Com uma ajuda manuelina
Fui buscar em Manuel Bandeira a inspiração para rabiscar esta pequena crônica. Uma crônica insignificante; iguais às que venho escrevendo, desde que acordei pensando ser um bom cronista; o que, como vêem os que me lêem, não é verdade.
Poderia tê-la escrito em cima destes admiráveis versinhos do poeta de A Cinza das Horas:
"O teu seio que em minha mão
Tive uma vez, que vez aquela!"
"Ah, teus seios!
Teus duros mamilos!"
"Seios, duros, em pé, lácteos e pequeninos."
Não o fiz, para não ser chamado de um cronista libidinoso, pelos fuxiqueiros de plantão. Libidinoso, por quê?
Dia desses, quase fui linchado, só porque me atrevi a comentar alguns versos do Drummond, tirados, com muita cautela, de O Amor Natural.
E olhem que me limitei a tecer tímidas e arejadas apreciações em derredor do poema do Carlos, intitulado O que se passa na cama.

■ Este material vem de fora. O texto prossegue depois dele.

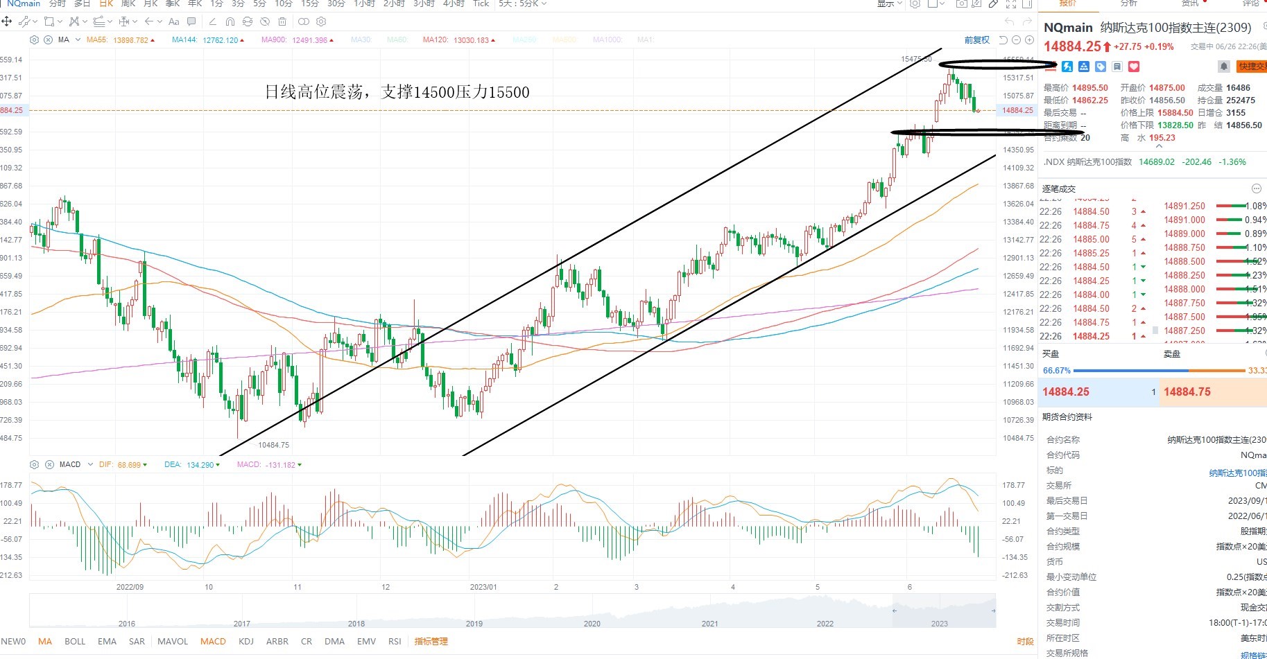 纳斯达克指数震荡调整,短期来看,依然是多头震荡,只是分歧之后市场需要消化获利筹码,等待指标超买修正之后的低吸机会为主,日线级别来看,目前多空分水岭14500附近,盘整不破,则等待二次上行,日内压力前期高点15500附近
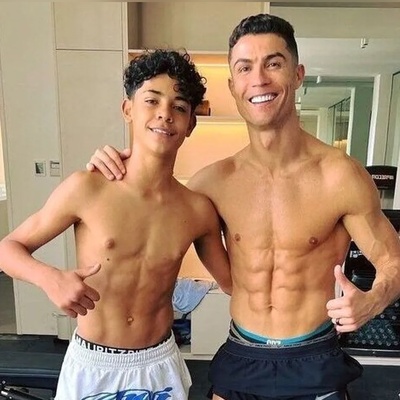 تصویر جالب و دیدنی از بدن رونالدو کنار پسرش/ واقعا پدر و پسر بدن های آماده ایی دارن + عکس
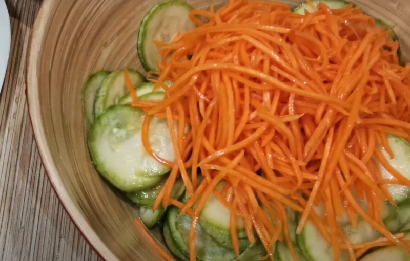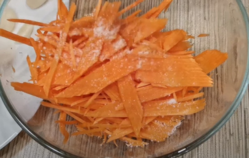 W trakcie gdy cukinia odpoczywa, należy zabrać się za obieranie marchewki. Jeśli posiadasz w domu specjalną tarkę do marchewki po koreańsku to zaoszczędzisz sobie czas, jeśli nie to pokrój ją w paski. Z marchewką zrób to samo co z cukinią, odłóż do miski, posyp szczyptą soli, wymieszaj i odstaw na pół godzinki.
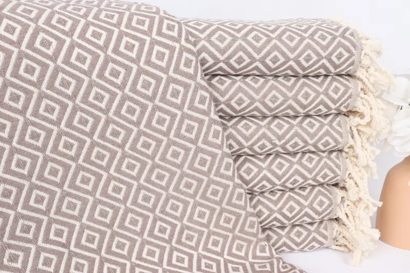 Toalla de playa turca con monograma de diamante marrón de 40 x 71 pulgadas
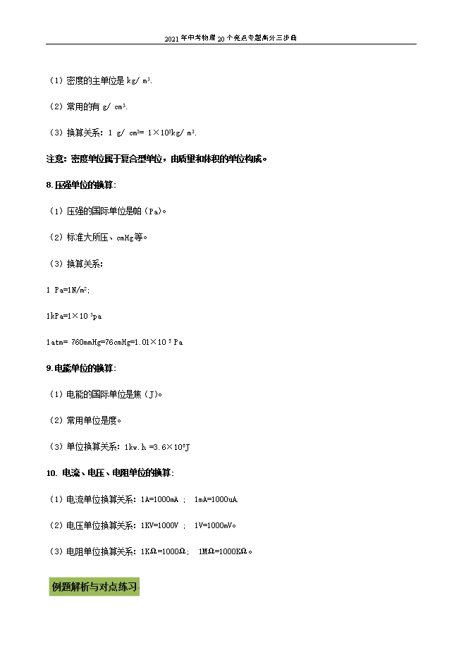【内容简介】1.长度单位及换算(1)国际单位:米(m)。(2)常用单位:千米(km)、分米(dm)、厘米(cm)、毫米(mm)、微米(um)、纳米(nm)等。(3)单位换算:1千米=1000米 1km=1000m1米=10分米 1m=10dm1分米=10厘米 1dm=10cm1厘米=10毫米 1cm=10mm1毫米=1000微米 1mm=1000um1微米=1000纳米 1um =1000nm2.面积单位及换算(1)国际单位制中,面积的单位为平方米(m2)。(2)常用单位还有平方分米(dm2)、平方厘米(cm2)等。(3)单位换算: 1m2=102dm2、1dm2=102cm2、1m2=104cm2 3.体积单位及换算(1)国际单位制中,体积的单位为立方米(m3)。(2)常用单位还有立方分米(dm3)、立方厘米(cm3)、升(L)、毫升(mL)等。(3)单位换算:1L=1dm3、1mL=1cm3、1m3=103dm3=106cm3、1L=1000mL。4.质量单位及其换算;(1)质量的国际单位是千克(kg)。(2)常用的单位有克(g),吨(t),毫克(mg)等。(3)单位换算:1吨=1000千克; 1千克=1000克; 1克=1000毫克。1t=1000kg; 1kg=1000g; 1g=1000mg。5.时间单位的换算:(1)时间的国际单位是秒,符号S,(2)时间的单位常用的有小时(h)、分钟(min)等。(3)它们之间的换算关系是:1小时=60分钟1分钟=60秒1小时=3600秒1世纪=100年1年=12月1月=28或29或30或31日1日=24时 6.速度单位的换算:(1)速度的国际单位是米/秒(m/s)(2)常用单位有千米/小时(km/h)(3)换算关系:1m/s=3.6km/h1km/h=5/18m/s注意:速度单位属于复合型单位,由长度和时间的单位构成。7.密度单位的换算:(1)密度的主单位是kg/ m3.(2)常用的有g/ cm3.(3)换算关系:1 g/ cm3= 1×103kg/ m3. 注意:密度单位属于复合型单位,由质量和体积的单位构成。8.压强单位的换算:(1)压强的国际单位是帕(Pa)。(2)标准大所压、cmHg等。(3)换算关系:1 Pa=1N/m2;1kPa=1×10 3pa 1atm= 760mmHg=76cmHg=1.01×10 5 Pa9.电能单位的换算:(1)电能的国际单位是焦(J)。(2)常用单位是度。(3)单位换算关系:1kw.h =3.6×106J10. 电流、电压、电阻单位的换算:(1)电流单位换算关系:1A=1000mA ; 1mA=1000uA.(2)电压单位换算关系:1KV=1000V ; 1V=1000mV。(3)电阻单位换算关系:1KΩ=1000Ω; 1MΩ=1000KΩ。 【例题1】(2020湖南岳阳)对物理量的关系式理解正确的是( )A. 由 可知,物质的密度与质量成正比B. 由 可知,物体的速度与路程成正比C. 由 可知,电流一定时,电阻与电压成正比D. 由 可知,受力面积一定时,压强与压力成正比【答案】D
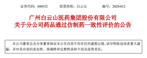 白云山3日晚发布公告称,公司分公司白云山制药总厂收到国家药品监督管理局签发的《药品补充申请批件》,头孢克肟颗粒已通过仿制药质量和疗效一致性评价。
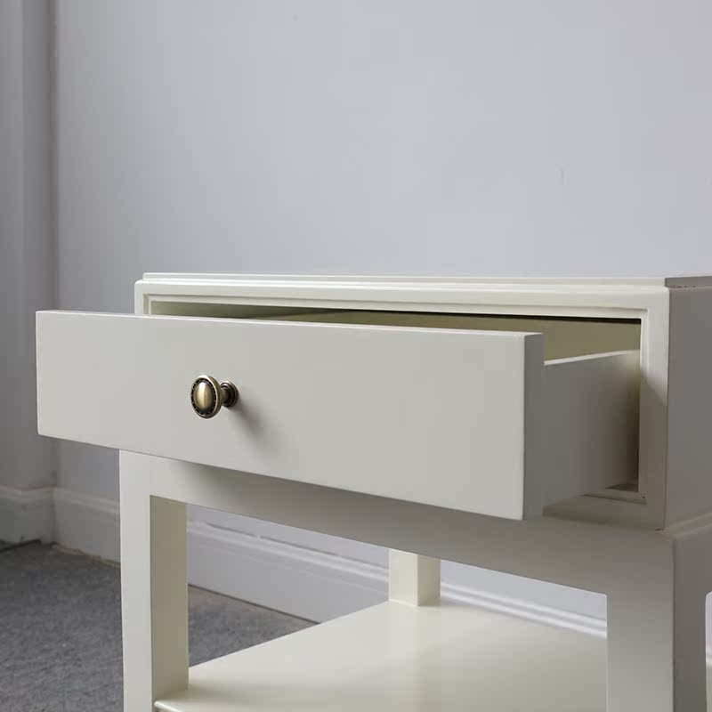 Minima Modern American Ivory White Bed Head Cabinet Designer Prototype Room Bedroom Furniture Bedside Cabinet Customised Whole

Extrapolara no comentário que fizera em torno desses lindos versos do Drummond? Creio que não. Melhor, talvez, se os tivesse lido, e guardado só para mim o que eles me disseram... Pois, segundo o próprio Drummond, o que ocorre na cama, "é segredo de quem ama".

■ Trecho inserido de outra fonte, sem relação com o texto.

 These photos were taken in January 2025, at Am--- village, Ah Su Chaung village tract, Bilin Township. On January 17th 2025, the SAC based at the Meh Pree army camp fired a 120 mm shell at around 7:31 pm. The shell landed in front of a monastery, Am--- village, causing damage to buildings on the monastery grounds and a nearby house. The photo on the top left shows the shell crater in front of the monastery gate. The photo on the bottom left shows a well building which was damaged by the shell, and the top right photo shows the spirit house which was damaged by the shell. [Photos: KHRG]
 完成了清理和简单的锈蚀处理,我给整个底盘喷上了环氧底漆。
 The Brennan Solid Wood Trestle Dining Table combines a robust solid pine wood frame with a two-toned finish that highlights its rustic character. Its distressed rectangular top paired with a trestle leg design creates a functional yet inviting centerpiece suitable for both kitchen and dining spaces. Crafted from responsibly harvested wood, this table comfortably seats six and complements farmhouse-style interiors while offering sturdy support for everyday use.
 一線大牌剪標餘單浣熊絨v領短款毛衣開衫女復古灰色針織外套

Cansado do meu rotineiro cotidiano - é, os aposentados também cansam -, poderia ter escrito alguma coisa declarando-me decidido a abandonar tudo, e ir "embora pra Pasárgada", onde, como Manu, talvez fosse amigo do Rei.
Em outros tempos, até me arriscaria a afirmar, que, em Pasárgada, também teria a mulher que desejasse, e na cama que escolhesse, como destaca o poema manuelino.
Não foi nos versos, mas na prosa de Bandeira que encontrei a ajuda que necessitava para escrevinhar esta insossa crônica.
Escreveu Bandeira: "Foi precisamente para me dar a ilusão de não existir em vão, que comecei a publicar os meus versos" . - Bastou-me esta frase do autor de Andorinhas, para que esta página brotasse, com a ternura que lhe desejava dar.
Como Manuel Bandeira - guardando, claro, o respeito devido ao vate pernambucano, e a distância imensa que nos separa -, também escrevo frágeis crônicas, e quando me deixam, as publico, para alimentar a ilusão de que não existo inutilmente.